How MinnPost readers would balance the state budget

“Easy peasy,” was MinnPost reader David Greene’s take on closing the state’s $6.2 billion budget gap by working through our “fix the Minnesota deficit” exercise.

Many of those who commented, tweeted, blogged and emailed about the exercise seemed to agree with Greene’s conclusion: “This is really, really, really not hard from a numbers standpoint. It is really, really, really hard from a dealing with people with fingers stuck in ears standpoint.”

There were detractors, though. @JaredKaltwasser tweeted, “The MN budget deficit calculator by @MinnPost is really cool. Turns out it’s really hard to close a $6B deficit.”

I am not going to calculate the responses into percentages of readers favoring Option X versus Option Y. That would suggest this was a scientific survey. It was not. The point of this exercise was to give people a chance to weigh the range of real budget-balancing options that have been offered so far.

And the real treat you get from comments to MinnPost articles is not in the numbers of comments but rather the informed thinking that goes into the readers’ arguments and responses.

So I’ll summarize some of the points and respond to a few questions. (If you haven’t tried the exercise yet, you can run through it here before you read on.)

Right thinking v. political expediency
Many readers expressed in one way or another the view Lynn VanDervort summed this way:

“What I find most fascinating about this entire thread is: How many of our elected officials will have the courage to ‘do what is right’ as opposed to ‘do what is politically expected or expedient’. Doing the right thing will mean getting beyond the politics — and DOING the fiscally responsible move. The idea that the answer lies in either extreme is ridiculous.”

The trouble is we can’t agree on what is right.

One reader says, “STOP SPENDING MONEY WE DO NOT HAVE.”

Another says, “It is cutting education, medical services and basic support for our citizens in need that will bring down this state.”

If there is a flaw in the exercise it is that it invites individuals to make choices on their own rather than in messy and sometimes raucous political arenas.

“The decisions are easy when it is just one person with their own values and no one else’s feelings and thoughts need to be taken into account,” commented John Armstrong. “The best compromises are when everyone ends up equally miserable.”

Freeze at current levels?
Ron Gotzman wondered, “Is it true that if we would just freeze spending at current levels we would have a surplus?”  

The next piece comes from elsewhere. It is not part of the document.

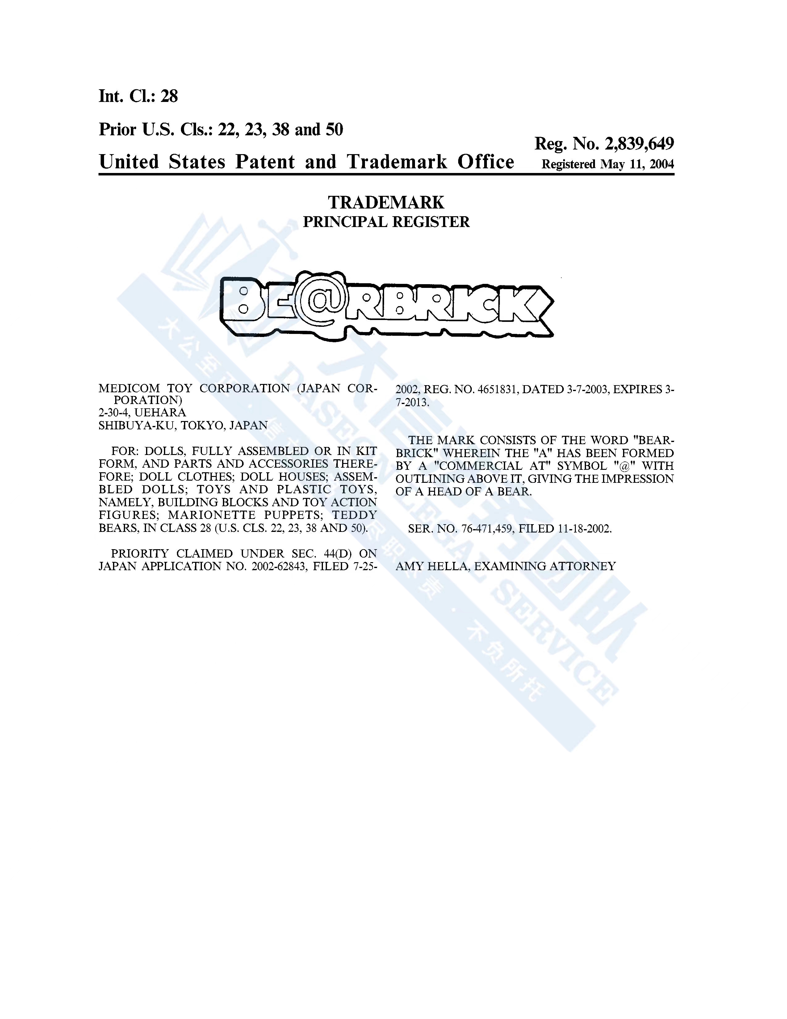 Bearbrick就是众人熟知的积木熊,由日本MEDICOM公司出产的一款玩具,2001年8月正式推出,到2009年,第18代已经推出。大陆由PPW公司代理。昵称:Bearbrick,be@rbrick,BB,积木熊,布里克小熊,百变布里克。

By the bottom-line numbers, that appears to be true. The state’s estimated revenues for the upcoming two years are $32 billion compared with $30.3 billion in spending slated for this current biennium.

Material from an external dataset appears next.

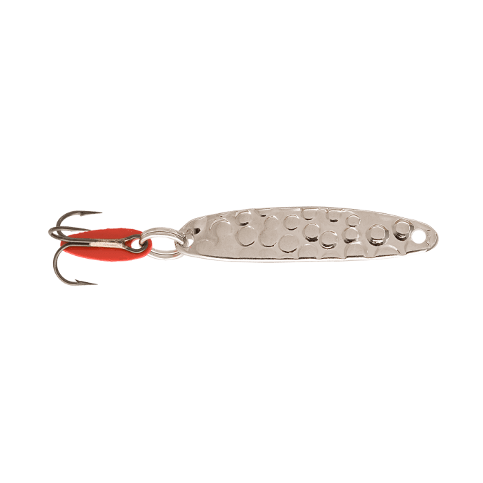 Use a #2, 3, 4 or 5 Swedish Pimple, Flute Spoon or Vingla for best results on pan fish and game fish in shallower waters. Used with a lift, fall and pause retrieve, they are good spinning spoons for all game and pan fish. To use as a spinning lure with a straight I or interrupted retrieve, reverse the location of the red flipper for more kick to the lure (i.e. remove the flipper and reinstall it on the flat side of the Pimple). A bonus Single Baiter Hook and Flipper is supplied with sizes 2,3 and 4.

But that approach wouldn’t spare the state from a myriad of tough decisions. For example, the state delayed $1.3 billion in payments to K-12 schools in order to balance the budget last time around. Those payments are overdue, and now legislators must decide whether to delay them again.

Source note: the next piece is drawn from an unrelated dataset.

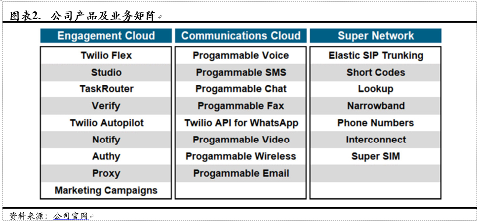 Twilio主要提供数字化或可编程的语音和消息通信服务,2013年引入视频、聊天、Facebook Messenger等数字通信渠道。Twilio的平台包括三个层次:Engagement Cloud(交互云)、Programmable Communications Cloud(可编程通信云)和Super Network(超级网络)。

Same goes for cuts in spending for higher education, aid to counties and cities, etc. The law says they were supposed to be one-time reductions. So legislators have to decide whether to make them permanent, extend them another two years or end them.  

Further, life goes on, and things happen. What do we do with people who murder and rob while spending is frozen? Do we say the prison budget leaves no room for locking them up? The prison budget may need to be cut or frozen, but we still have to sort through the strategies for making that work without letting dangerous people run loose.

Who’s rich?
Jesse Gaibor set off a debate in commenting, “$150k for a couple is NOT rich!”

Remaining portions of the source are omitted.